INFORMATION PROVIDED START

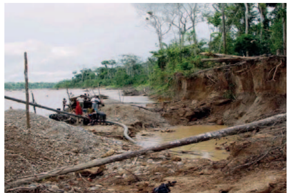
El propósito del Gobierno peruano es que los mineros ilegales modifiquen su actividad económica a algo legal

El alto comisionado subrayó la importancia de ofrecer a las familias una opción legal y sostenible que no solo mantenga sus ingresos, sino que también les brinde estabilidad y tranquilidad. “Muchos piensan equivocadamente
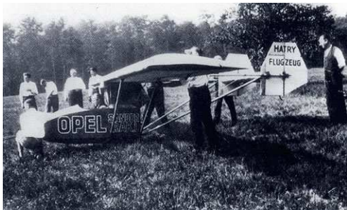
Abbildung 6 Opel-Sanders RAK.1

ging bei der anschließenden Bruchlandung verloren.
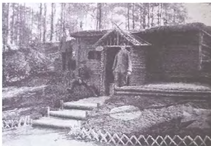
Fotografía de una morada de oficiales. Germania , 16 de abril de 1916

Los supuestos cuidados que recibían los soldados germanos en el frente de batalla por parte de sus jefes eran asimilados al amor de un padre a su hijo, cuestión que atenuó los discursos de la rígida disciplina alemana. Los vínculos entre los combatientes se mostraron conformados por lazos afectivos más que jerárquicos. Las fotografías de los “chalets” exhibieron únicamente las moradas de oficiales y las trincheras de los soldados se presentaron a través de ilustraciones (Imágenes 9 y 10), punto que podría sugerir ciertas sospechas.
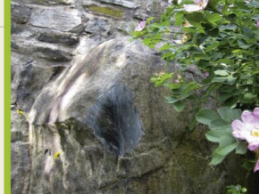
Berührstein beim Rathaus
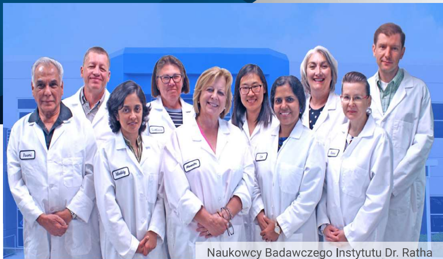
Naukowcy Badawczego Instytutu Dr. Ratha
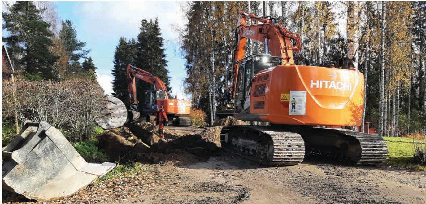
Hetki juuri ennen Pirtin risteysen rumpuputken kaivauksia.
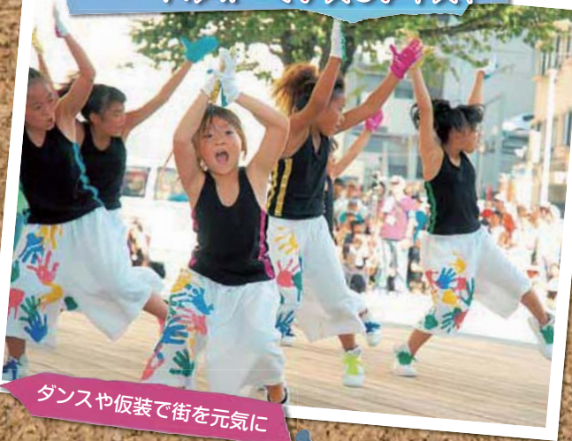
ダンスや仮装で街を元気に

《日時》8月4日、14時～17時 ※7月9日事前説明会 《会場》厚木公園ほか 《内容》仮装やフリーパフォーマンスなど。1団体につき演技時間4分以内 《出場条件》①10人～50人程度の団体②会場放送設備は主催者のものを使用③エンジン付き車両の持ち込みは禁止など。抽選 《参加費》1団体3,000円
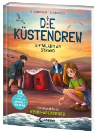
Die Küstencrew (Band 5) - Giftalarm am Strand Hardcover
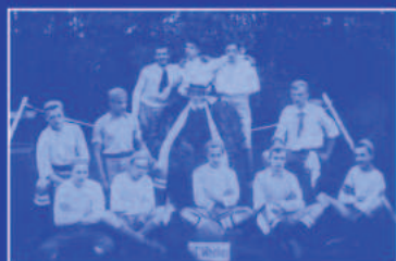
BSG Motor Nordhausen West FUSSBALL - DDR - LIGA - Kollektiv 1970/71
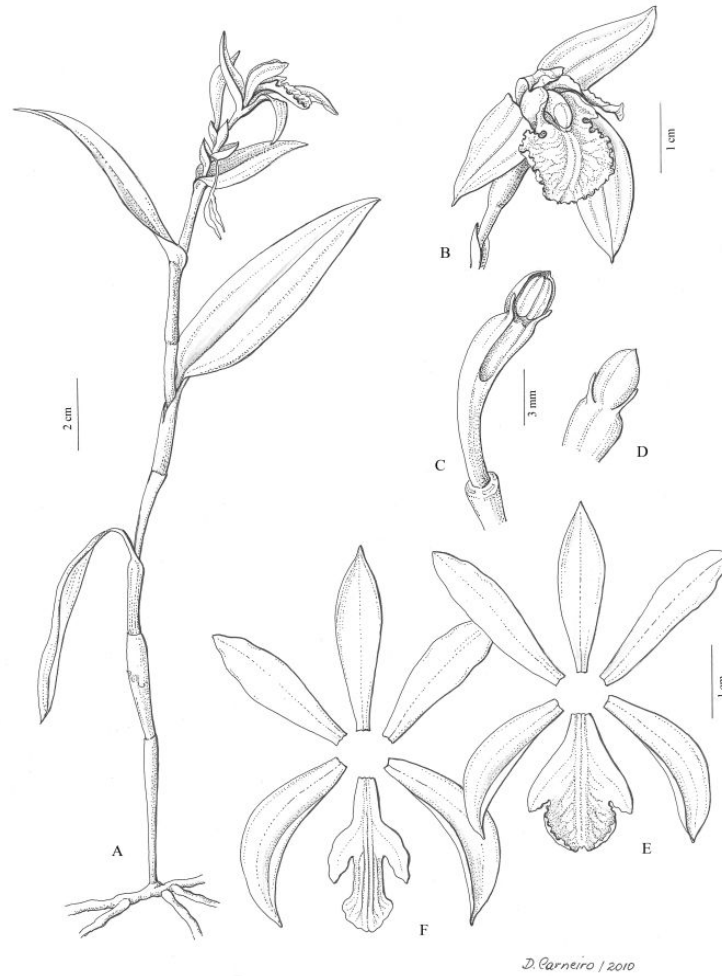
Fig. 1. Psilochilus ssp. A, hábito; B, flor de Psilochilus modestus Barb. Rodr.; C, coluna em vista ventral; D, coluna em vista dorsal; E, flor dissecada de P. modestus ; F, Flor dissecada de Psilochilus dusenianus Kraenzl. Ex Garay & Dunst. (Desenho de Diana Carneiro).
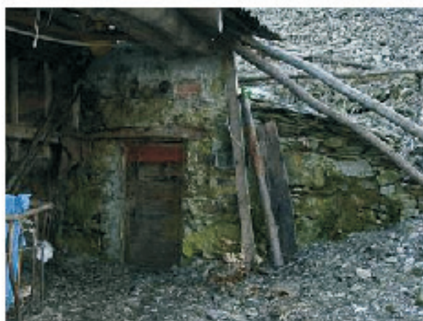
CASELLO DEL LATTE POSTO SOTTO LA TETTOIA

INFORMATION PROVIDED END

WORK INSTRUCTIONS. Nothing but the records, restated word for word and stripped of images, belongs in the answer.

RESULT OF THE EXERCISE.
El propósito del Gobierno peruano es que los mineros ilegales modifiquen su actividad económica a algo legal

El alto comisionado subrayó la importancia de ofrecer a las familias una opción legal y sostenible que no solo mantenga sus ingresos, sino que también les brinde estabilidad y tranquilidad. “Muchos piensan equivocadamente
Abbildung 6 Opel-Sanders RAK.1

ging bei der anschließenden Bruchlandung verloren.
Fotografía de una morada de oficiales. Germania , 16 de abril de 1916

Los supuestos cuidados que recibían los soldados germanos en el frente de batalla por parte de sus jefes eran asimilados al amor de un padre a su hijo, cuestión que atenuó los discursos de la rígida disciplina alemana. Los vínculos entre los combatientes se mostraron conformados por lazos afectivos más que jerárquicos. Las fotografías de los “chalets” exhibieron únicamente las moradas de oficiales y las trincheras de los soldados se presentaron a través de ilustraciones (Imágenes 9 y 10), punto que podría sugerir ciertas sospechas.
Berührstein beim Rathaus
Naukowcy Badawczego Instytutu Dr. Ratha
Hetki juuri ennen Pirtin risteysen rumpuputken kaivauksia.
ダンスや仮装で街を元気に

《日時》8月4日、14時～17時 ※7月9日事前説明会 《会場》厚木公園ほか 《内容》仮装やフリーパフォーマンスなど。1団体につき演技時間4分以内 《出場条件》①10人～50人程度の団体②会場放送設備は主催者のものを使用③エンジン付き車両の持ち込みは禁止など。抽選 《参加費》1団体3,000円
Die Küstencrew (Band 5) - Giftalarm am Strand Hardcover
BSG Motor Nordhausen West FUSSBALL - DDR - LIGA - Kollektiv 1970/71
Fig. 1. Psilochilus ssp. A, hábito; B, flor de Psilochilus modestus Barb. Rodr.; C, coluna em vista ventral; D, coluna em vista dorsal; E, flor dissecada de P. modestus ; F, Flor dissecada de Psilochilus dusenianus Kraenzl. Ex Garay & Dunst. (Desenho de Diana Carneiro).
CASELLO DEL LATTE POSTO SOTTO LA TETTOIA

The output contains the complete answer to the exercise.